→ ASSIGNMENT
Pictures must not appear in the copy. Restate exactly the lines below from the one with "git status命令可以" through the one with "根据全网视频弹幕用户调研显示", inclusive.

→ SUPPLIED INFORMATION
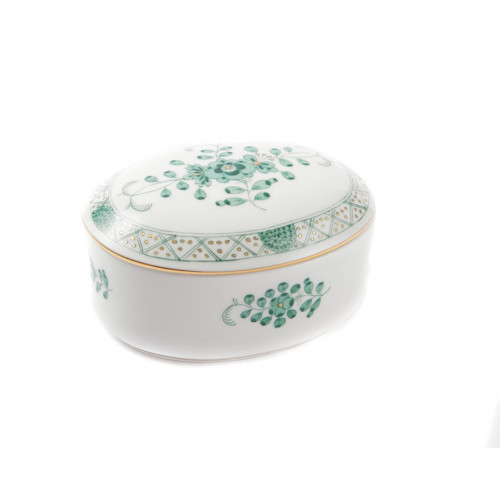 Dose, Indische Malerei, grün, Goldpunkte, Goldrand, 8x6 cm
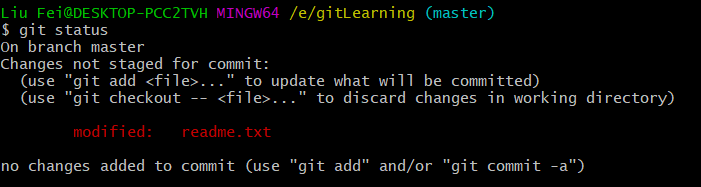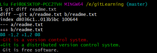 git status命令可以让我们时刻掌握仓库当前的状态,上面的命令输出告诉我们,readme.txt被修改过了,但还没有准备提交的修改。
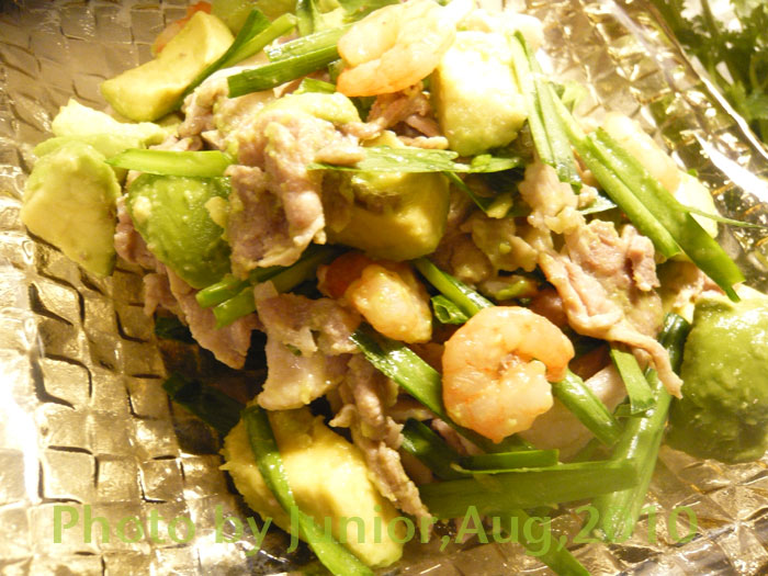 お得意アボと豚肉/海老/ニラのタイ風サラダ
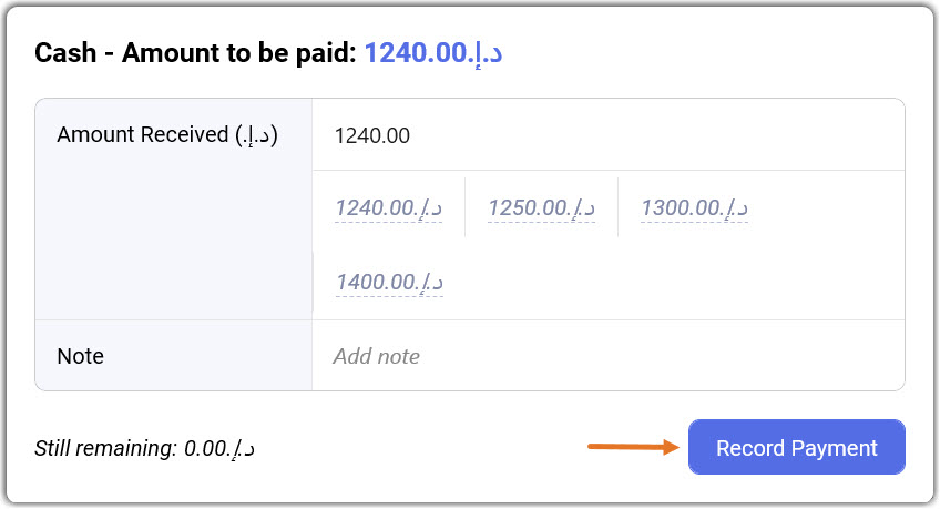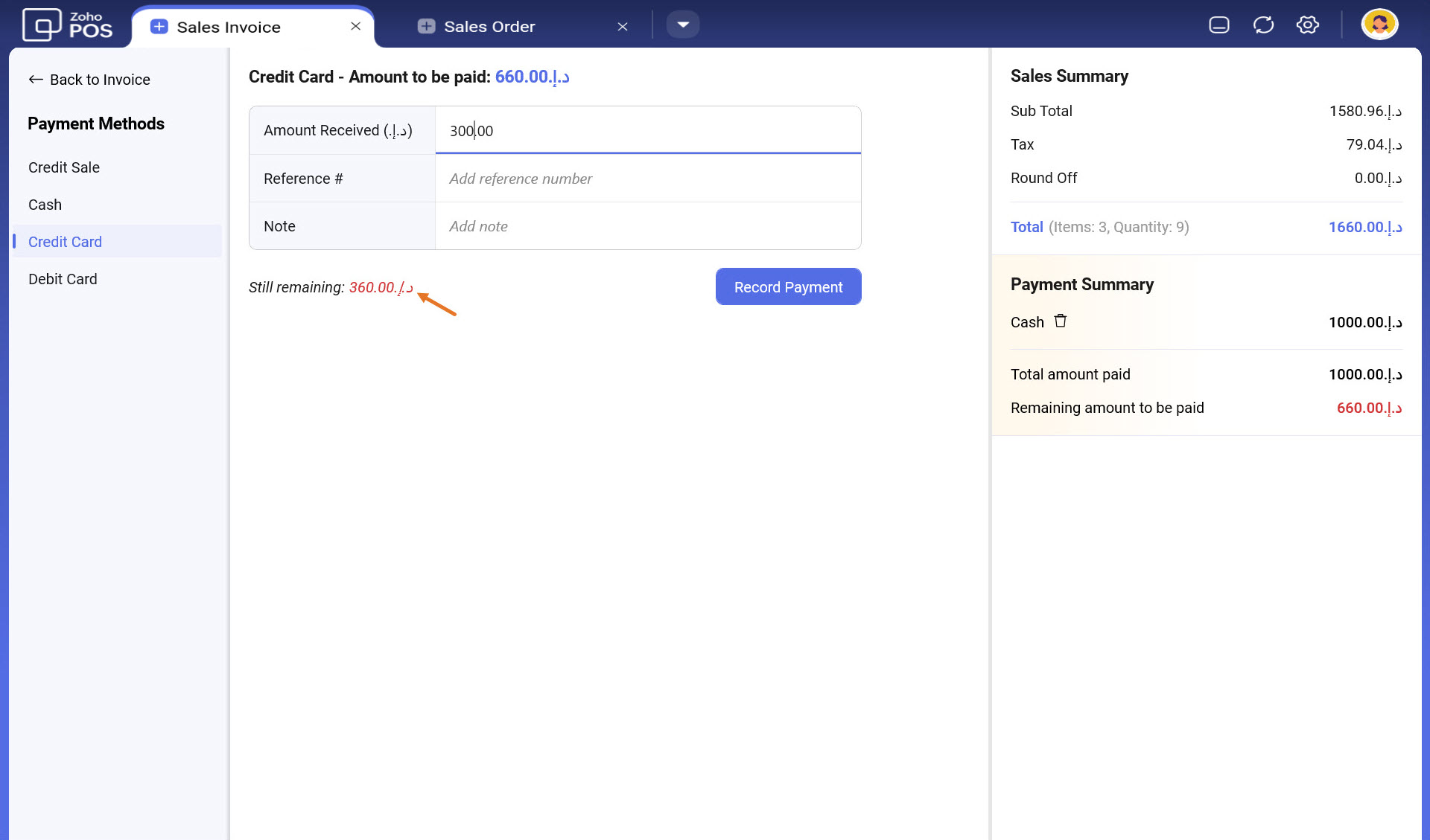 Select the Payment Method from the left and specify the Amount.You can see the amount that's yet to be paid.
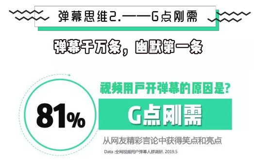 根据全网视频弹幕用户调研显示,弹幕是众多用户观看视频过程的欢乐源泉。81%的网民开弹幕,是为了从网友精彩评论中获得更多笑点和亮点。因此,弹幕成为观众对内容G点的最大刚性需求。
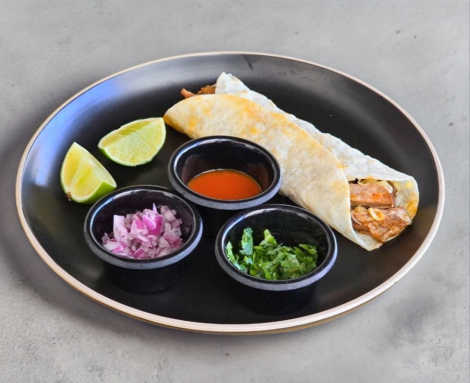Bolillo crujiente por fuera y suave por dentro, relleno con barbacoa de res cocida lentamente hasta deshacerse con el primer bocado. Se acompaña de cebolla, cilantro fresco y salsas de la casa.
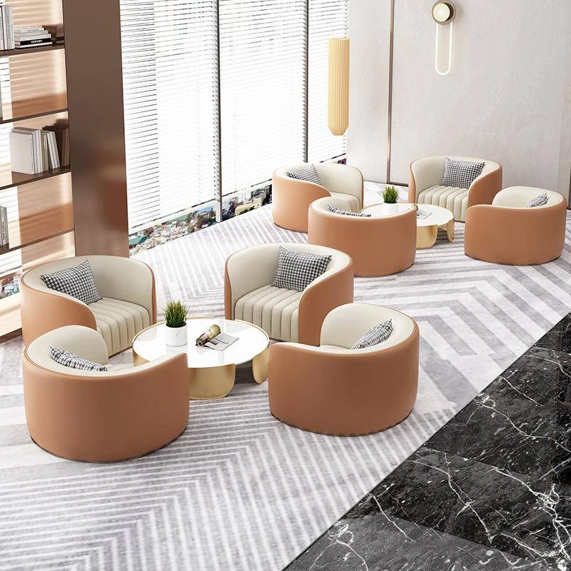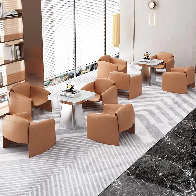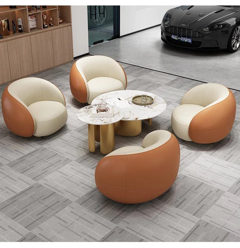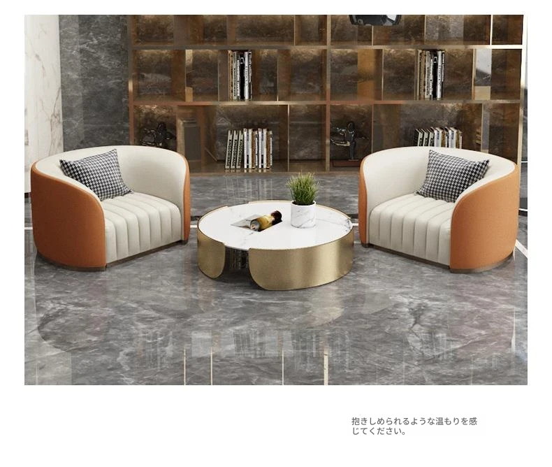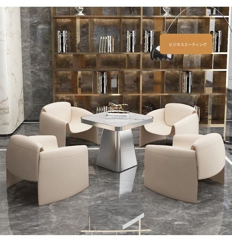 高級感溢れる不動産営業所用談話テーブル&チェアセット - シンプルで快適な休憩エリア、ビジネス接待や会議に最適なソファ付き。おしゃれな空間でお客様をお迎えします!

--

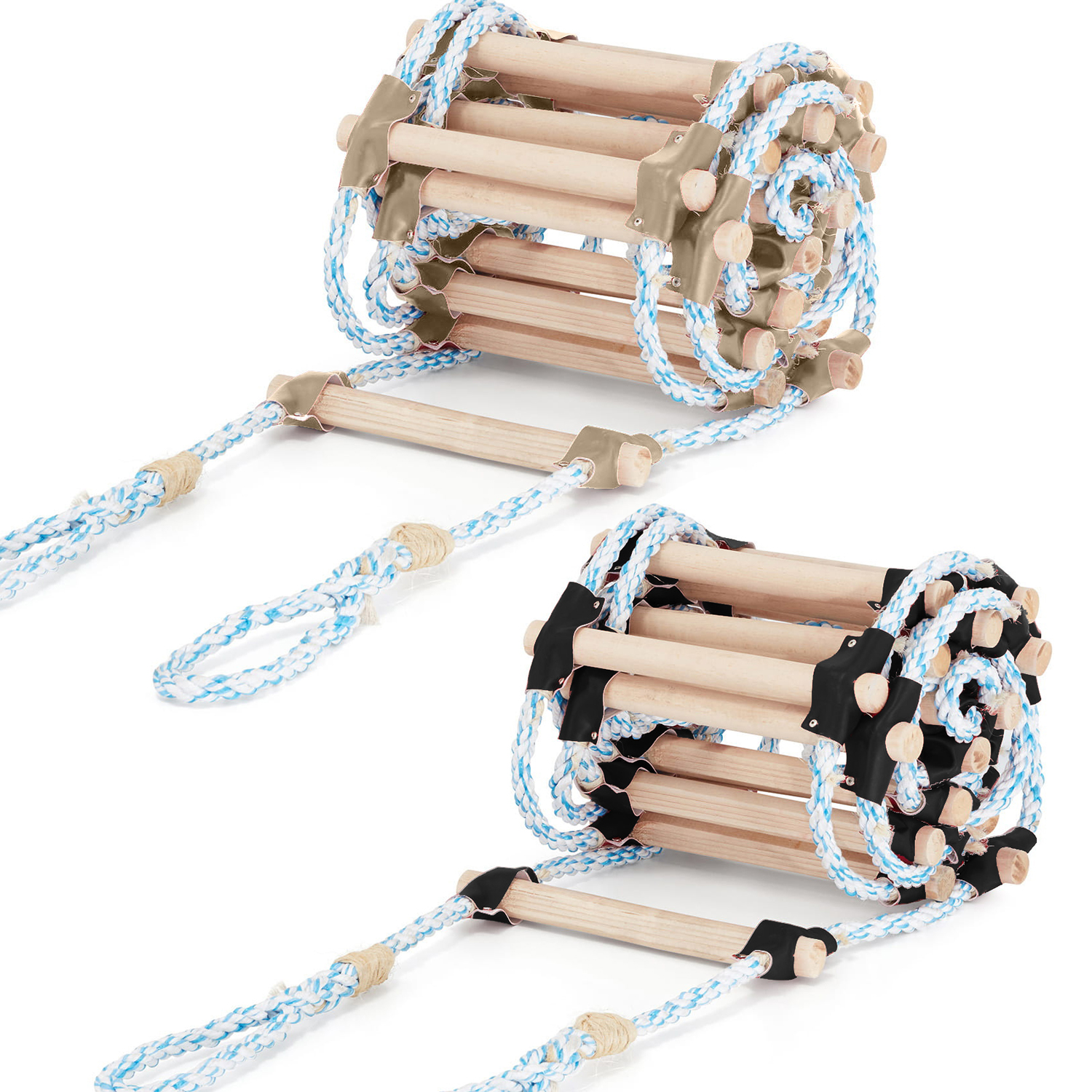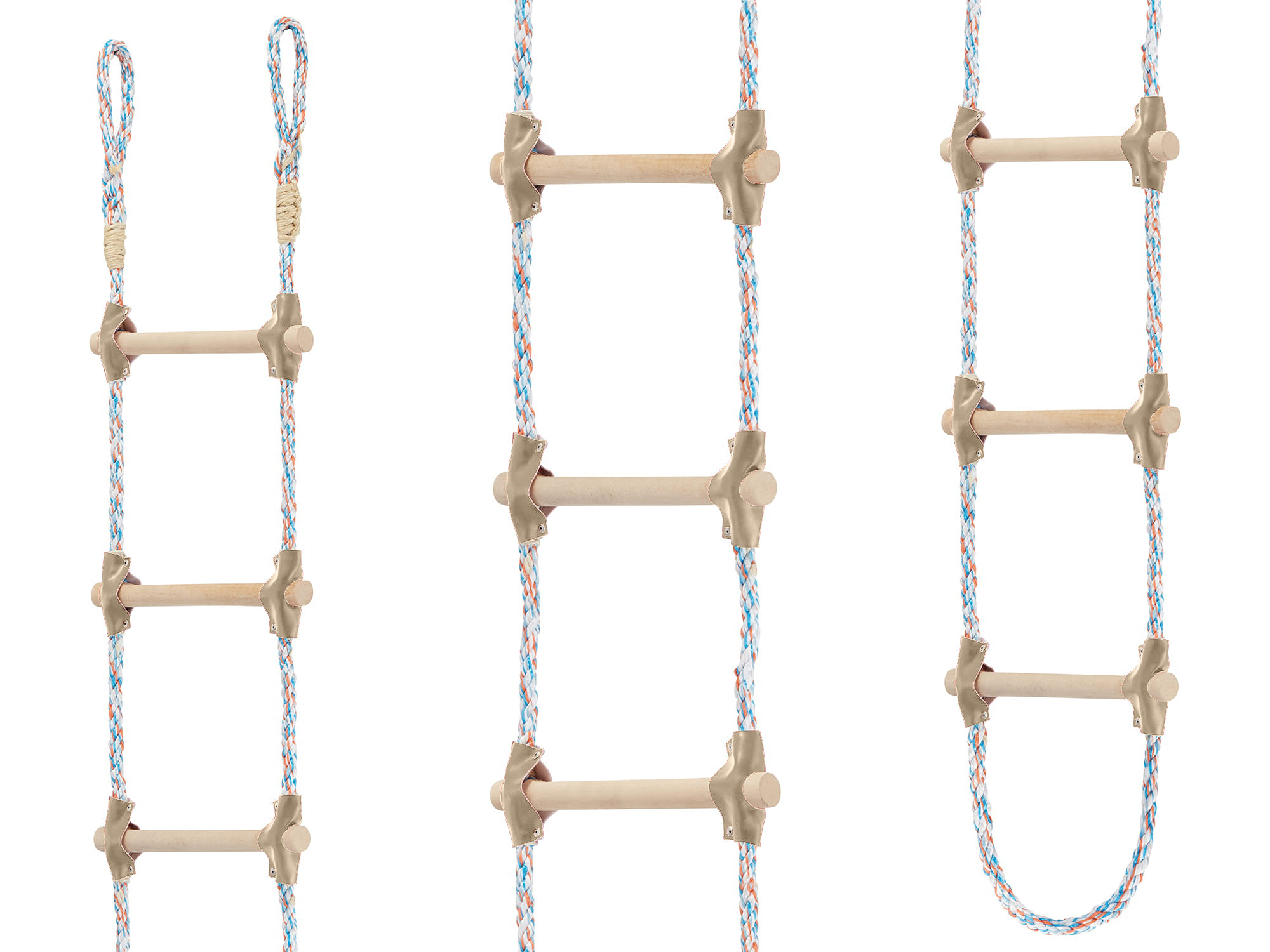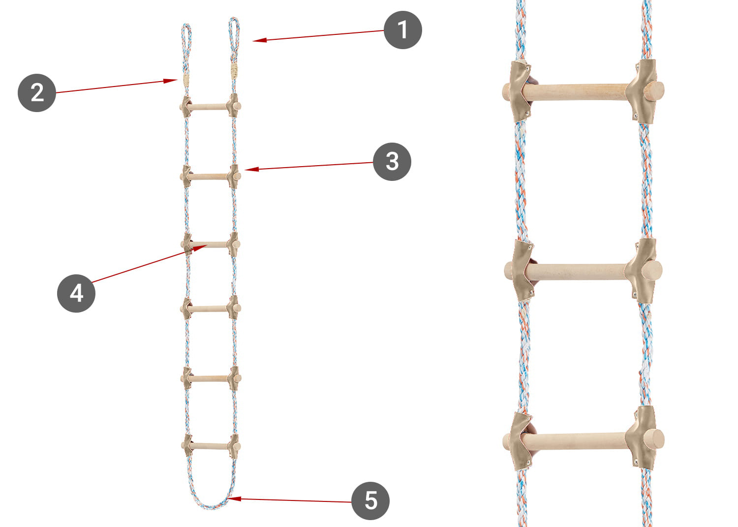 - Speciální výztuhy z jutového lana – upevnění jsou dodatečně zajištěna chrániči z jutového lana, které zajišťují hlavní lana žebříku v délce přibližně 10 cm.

→ EXPECTED OUTPUT
 git status命令可以让我们时刻掌握仓库当前的状态,上面的命令输出告诉我们,readme.txt被修改过了,但还没有准备提交的修改。
 お得意アボと豚肉/海老/ニラのタイ風サラダ
 Select the Payment Method from the left and specify the Amount.You can see the amount that's yet to be paid.
 根据全网视频弹幕用户调研显示,弹幕是众多用户观看视频过程的欢乐源泉。81%的网民开弹幕,是为了从网友精彩评论中获得更多笑点和亮点。因此,弹幕成为观众对内容G点的最大刚性需求。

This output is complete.